Configuring OpenVPN to connect as a client to an AirVPN server
OpenVPN is quite detailed as it describes configuration for both servers and clients. If you're interested in simply getting openvpn to work with credentials provided by a third-party VPN service, do this:
Install openvpn with pacman:
# pacman -S openvpn
Airvpn will generates a config for you, if you have an account and are logged in. You can choose a server, port, and proxy settings, and download a zip file with certificates and settings. I downloaded it from their page "Access without a client" on 01.20.2012.
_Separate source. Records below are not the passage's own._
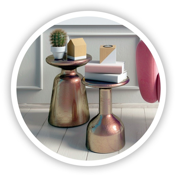 Stoliki kawowe w kolorze miedzi i złota to bardzo modny element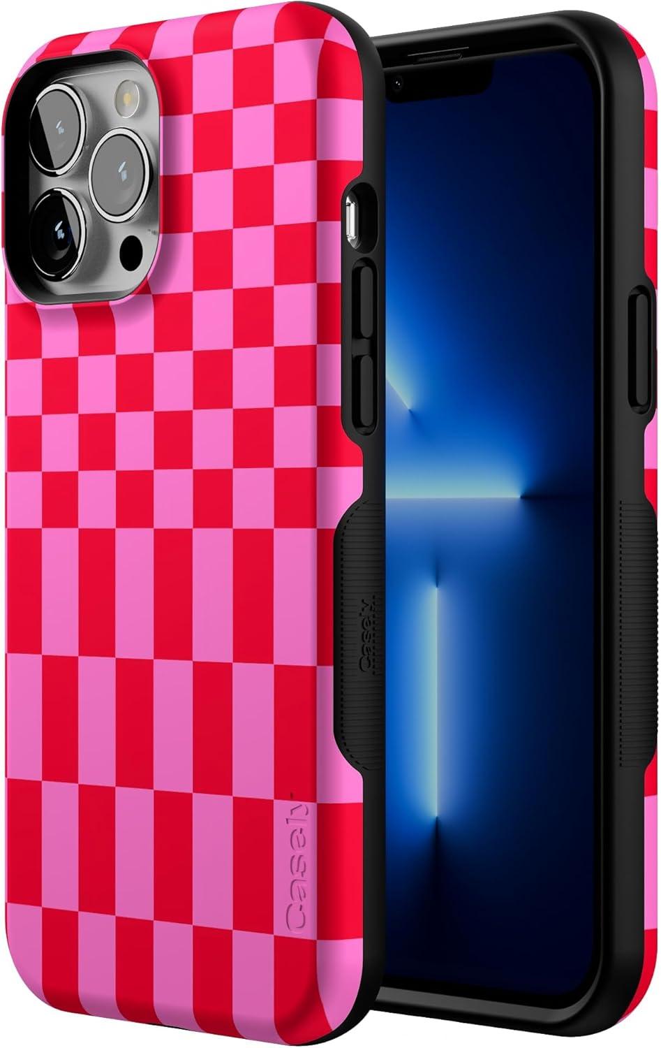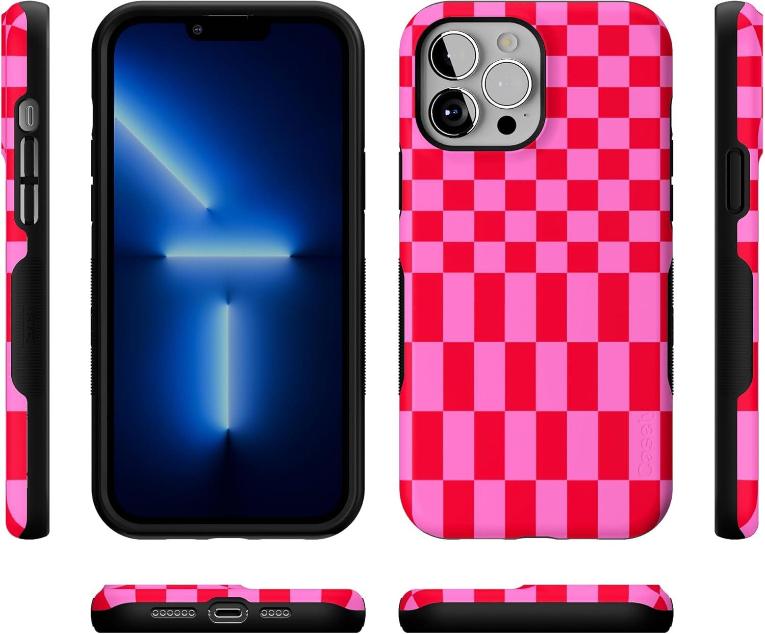 Casely iPhone 13 Pro Max Case | Falling for You | Plum Floral | Bold Protective Design | Compatible with MagSafe(Vibe Check | Pink Checkerboard)
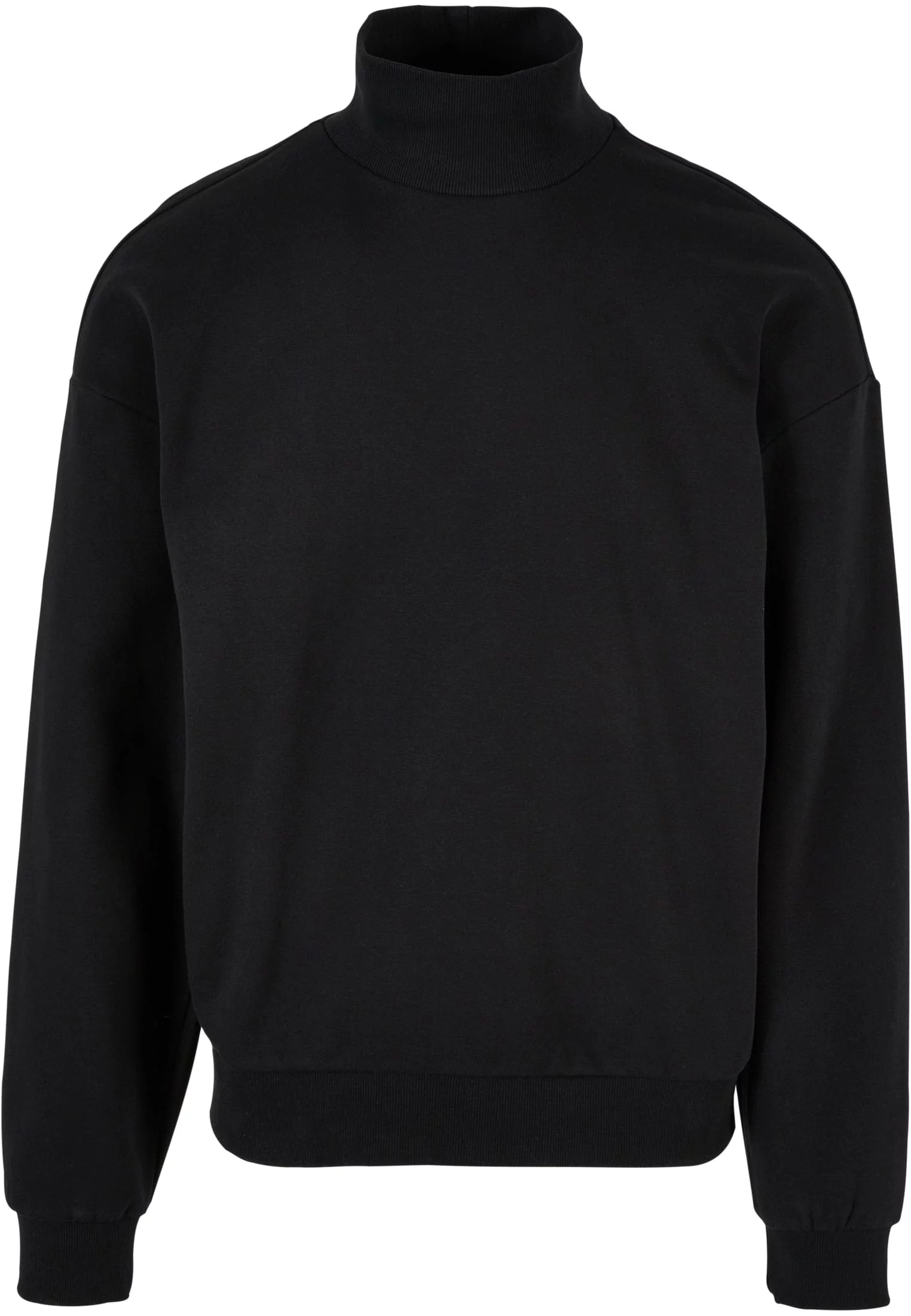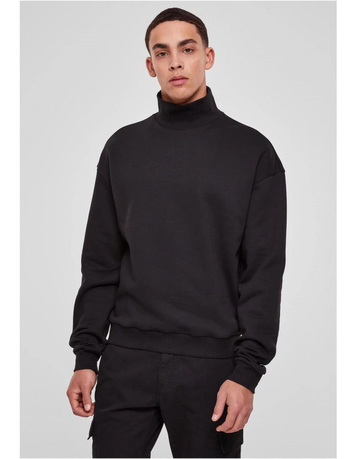 Pánský svetr s kulatým výstřihem nabízí jasný vzhled, který zahrnuje vysoký žebrovaný stojáček, oversize střih se spadlými rameny a sportovní žebrované manžety na rukávech a spodním lemu. Je vyrobena z česaného fleecu – hladké směsi polyester-bavlna.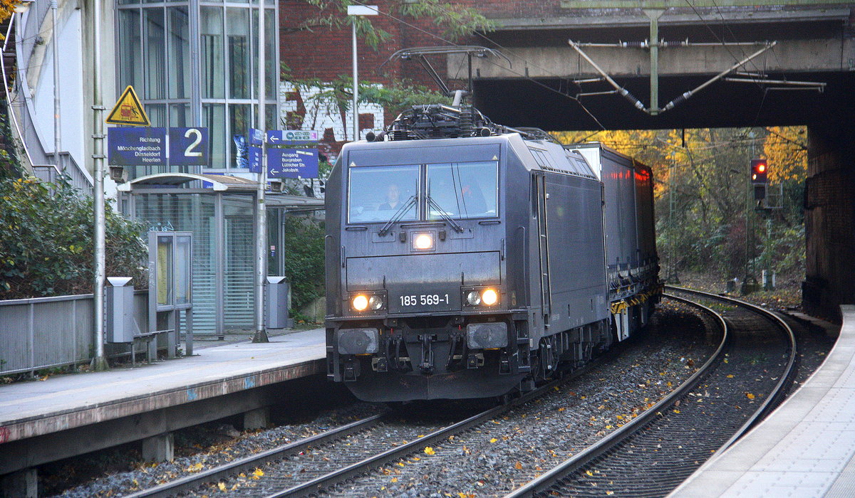 185 569-1 von MRCE/SBB-Cargo kommt aus Richtung Köln,Aachen-Hbf und fährt durch Aachen-Schanz mit einem Güterzug aus Novara(I) nach Genk-Zuid Haven(B) und fährt in Richtung Aachen-West.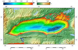 1. ^ National Geophysical Data Center, 1999. Bathymetry of Lake Ontario. National Geophysical Data Center, NOAA. doi:10.7289/V56H4FBH [access date: March 23, 2015].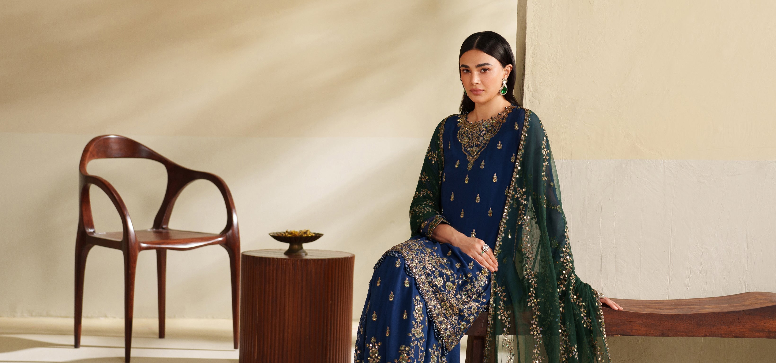 Discover timeless elegance with premium khaddar net shirts, delicately embroidered, paired with soft linen trousers and a graceful net dupatta. Available in both unstitched and ready-to-wear options.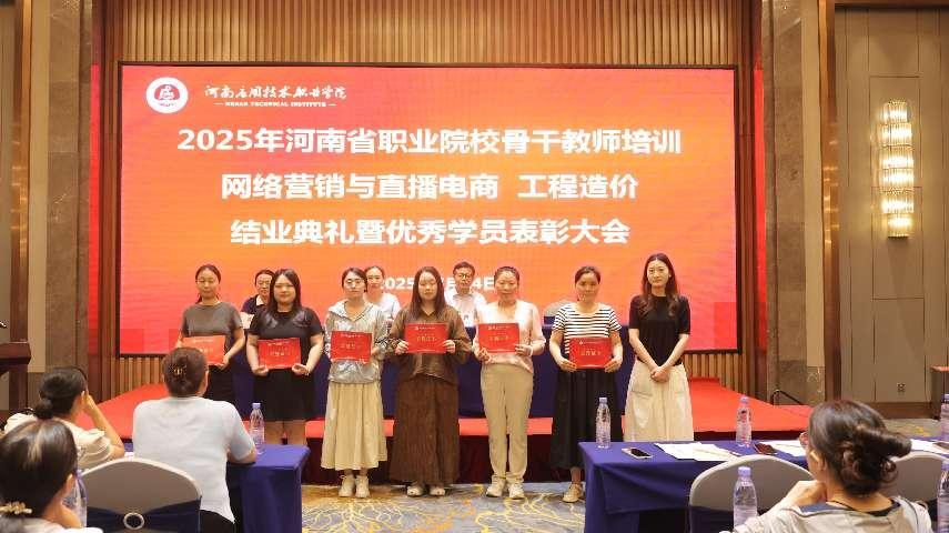 2025 年 7 月 14 日下午,2025 年河南省职业院校骨干教师(网络营销与直播电商、工程造价)省级培训结业典礼在郑州隆重举行。建筑工程学院院长李勇、beat365唯一官方网站副院长王珂出席仪式,仪式由王珂主持。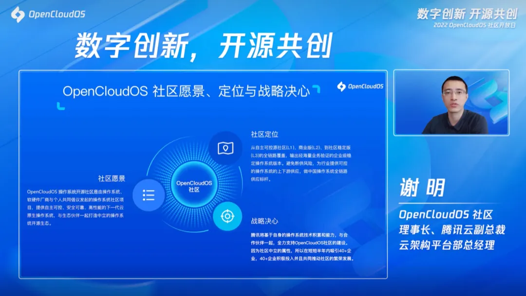 OpenCloudOS 社区理事长、腾讯云副总裁谢明表示:

You should now have an archive air.zip containing 4 files:
air.ovpn ca.crt user.crt user.key
Note that user.key is your secret key. Don't share it or let it be compromised.
Open air.ovpn and note the lines
ca "ca.crt" user "user.crt" key "user.key"
Move all four files to /etc/openvpn, set permissions, delete the zip. IF you want to put them somewhere else, set their new absolute paths in air.ovpn; it won't find them by default as shown above
# mv air.ovpn ca.crt user.crt user.key /etc/openvpn # chmod 400 air.ovpn ca.crt user.crt user.key # shred --remove ~/air.zip
Point openvpn at the config file as superuser:
# openvpn --config /etc/openvpn/air.ovpn
You should get a couple dozen verbose connection logs, hopefully ending in something like
Sat Jan 21 02:16:47 2012 Initialization Sequence Completed
Background openvpn if you'd like:
CTRL-Z + Stopped sudo openvpn --config /etc/openvpn/air.ovpn bg sudo openvpn --config /etc/openvpn/air.ovpn &
This won't start automatically as shown. I'm not sure how to do it right, perhaps putting a small script in /etc/rc.conf.d/ would be appropriate.
Sample configs are included in /usr/share/openvpn/examples/
If you have a custom kernel, note that OpenVPN requires TUN/TAP modules enabled as described in OpenVPN. They should already work on default kernels.
I was setting this up on a virtual Arch system running in Virtualbox on a Windows 7 host machine. While testing I already had my Windows client tunnelling all traffic through my Windows AirVPN client. Trying to initialize a second tunnel from within the VM failed with an authentication failure, until I turned off the Windows client.
If the files are chmod 400, you must execute openvpn as superuser or it will fail with "Error opening configuration file."